Question

Matlab:

% We are studying a population with juveniles J, youths Y and adults A;

L=[0 .8 2.2; .5 0 0; 0 .6 0] (I relabeled this population matrix with A because it worked better with the exercise I did last week)

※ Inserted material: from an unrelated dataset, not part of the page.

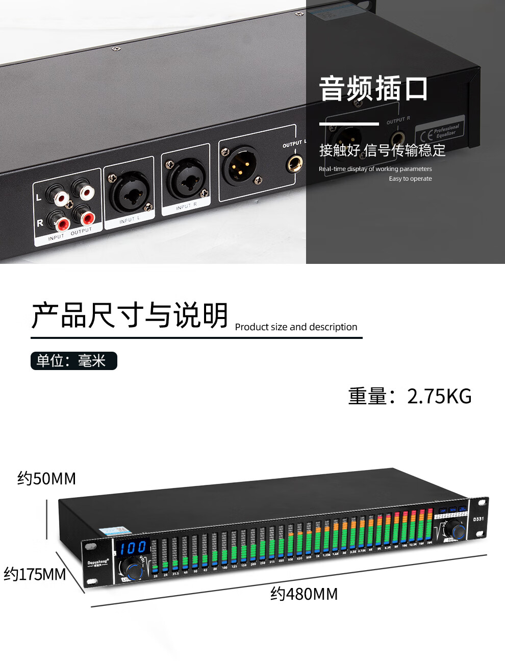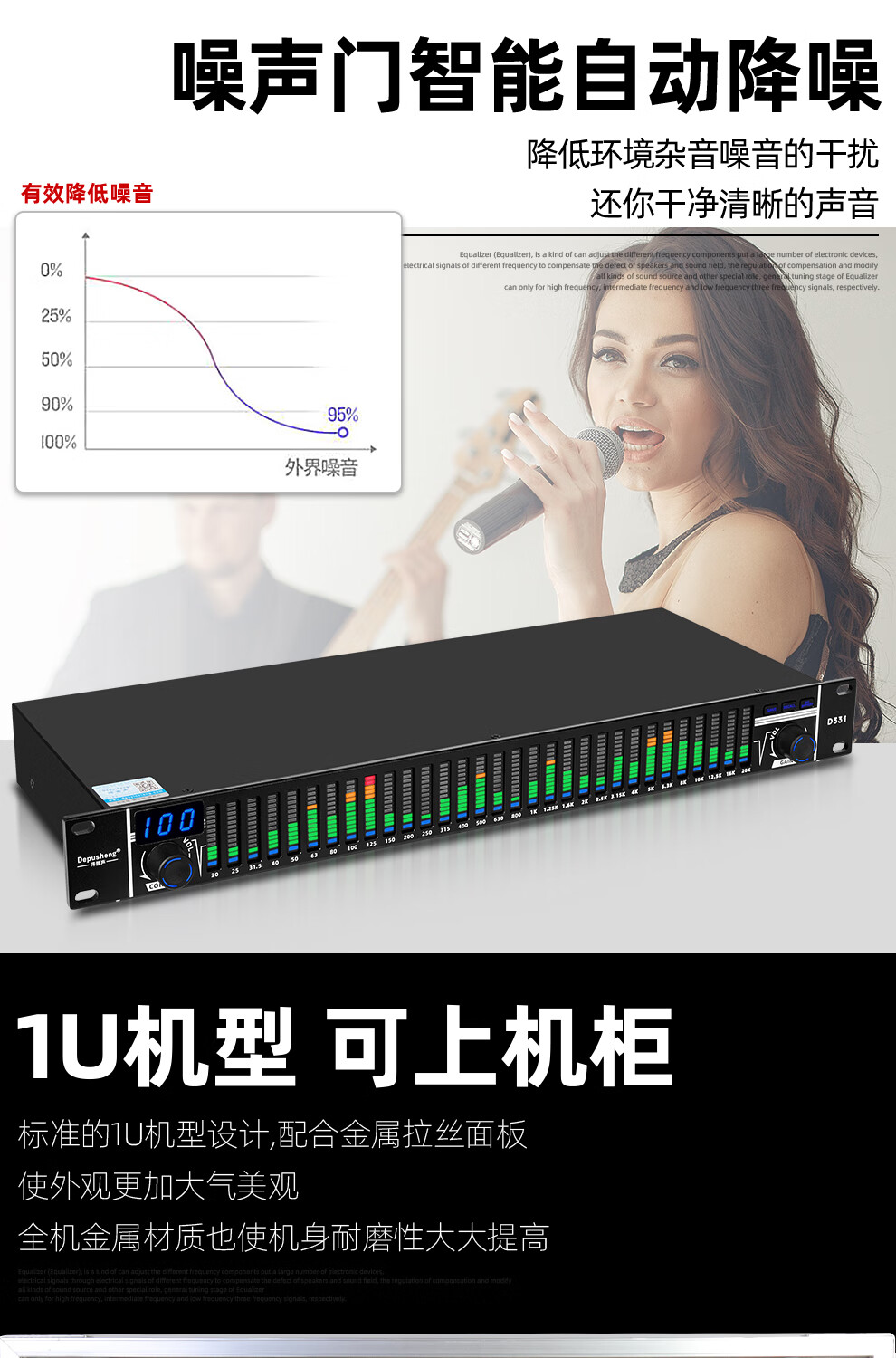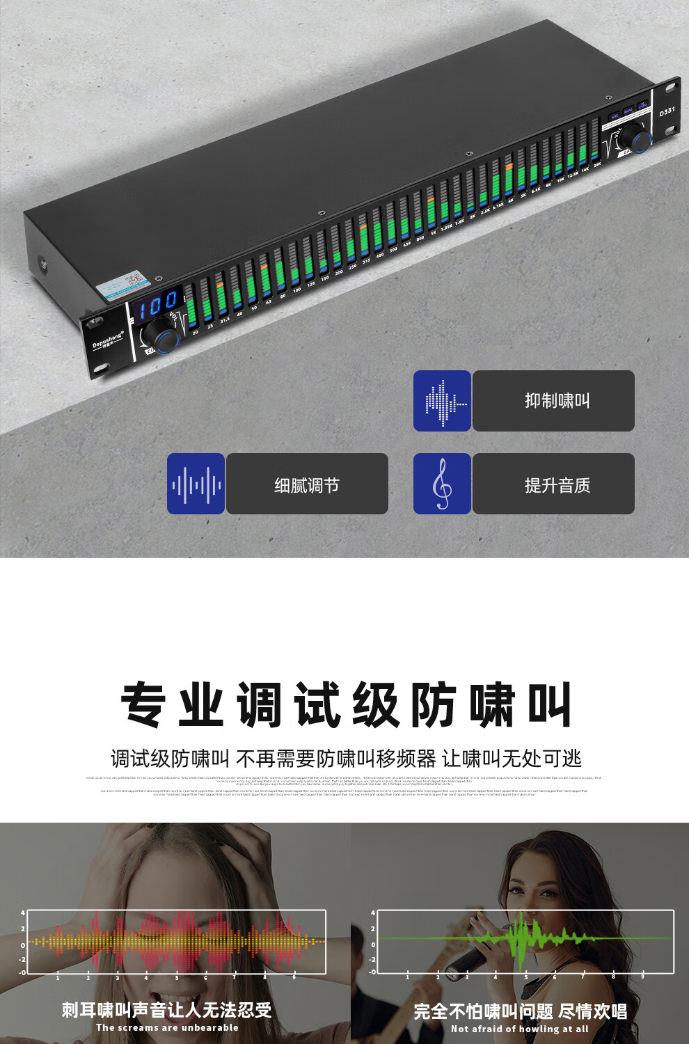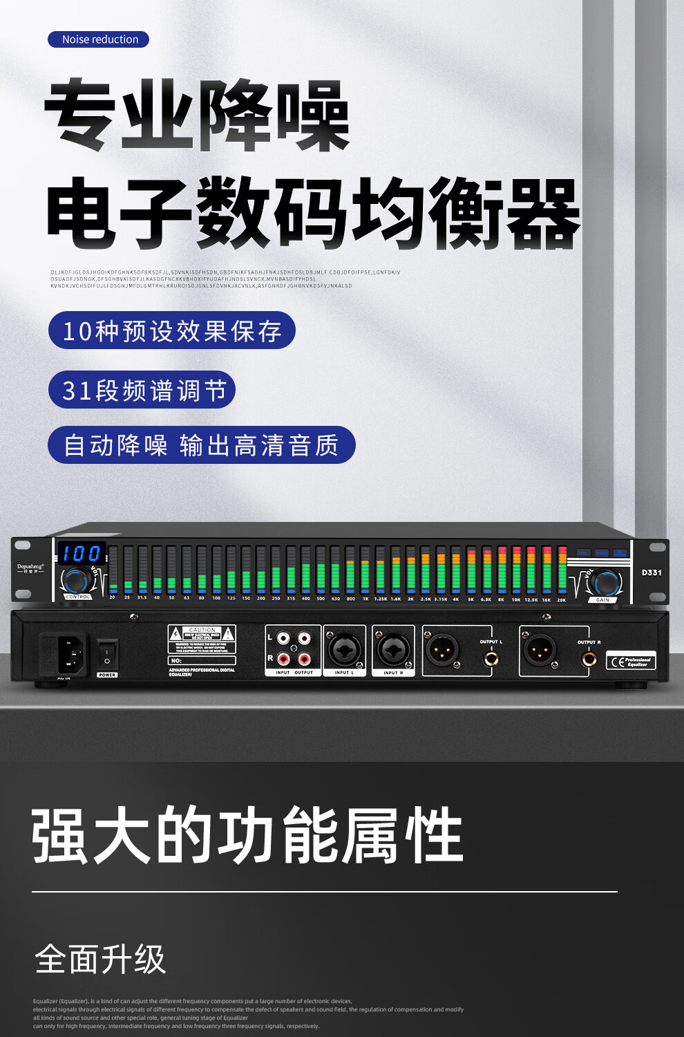 Depusheng D331 digital equalizer, noise reduction, audio processing, home KTV effector, anti-howling electronic spectrum limiter, storable mode, D331 digital equalizer (black)

% part c) If J_0=25, Y_0=50 and A_0=25, draw plots on the same set of axes
% of the populations of each stage for the first 30 seasons

Under the same initial conditions, plot the natural logarithms % of the populations versus time (in the previous plot commands, % replace the population vector by log(population` vector). Read the answer % in the book to get an explanation of what is happening.

Answer 1

My code attempt

>> clear all;
timesteps=30;
x=[25; 50; 25]; xhistory=x;
A=log([0 .8 2.2; .5 0 0; 0 .6 0]);
for t=1:timesteps;
x=A*x;
xhistory=[xhistory x];
end
>> time=0:timesteps;
subplot(2,1,1)
>> plot(time,xhistory(1,:),'-'),
xlabel('time'), ylabel('populations'),
hold on
>> plot(time, xhistory(2,:))
subplot(2,1,2)
plot(xhistory(1,:), xhistory(2,:)),
xlabel('juveniles'), ylabel('adults'),
hold on
[V,D]=eig(A)
C= V\xhistory(:,1)
xpprox = C(2)*V(:,2)*D(2,2).^(time)


>> subplot(2,1,1)
>> plot(time, xpprox, 'r')
>> subplot(2,1,2)
>> plot(xpprox(1,:),xpprox(2,:),'r')

Answer 2

These two are the graphs without the change the population matrix into a logarithm and plot those. Corresponds to part c.

Answer 3

@Lyrae @dan815

Answer 4

>> clear all;
timesteps=30;
x=[25; 50; 25]; xhistory=x;
A=[0 .8 2.2; .5 0 0; 0 .6 0];
for t=1:timesteps;
x=A*x;
xhistory=[xhistory x];
end
time=0:timesteps;
subplot(2,1,1)
semilogx(time,xhistory(1,:),'-'),
xlabel('time'), ylabel('populations'),
hold on
semilogy(time, xhistory(2,:))
subplot(2,1,2)
plot(xhistory(1,:), xhistory(2,:)),
xlabel('juveniles'), ylabel('adults'),
hold on
>>

Answer 5

Hey, do you still need help with this?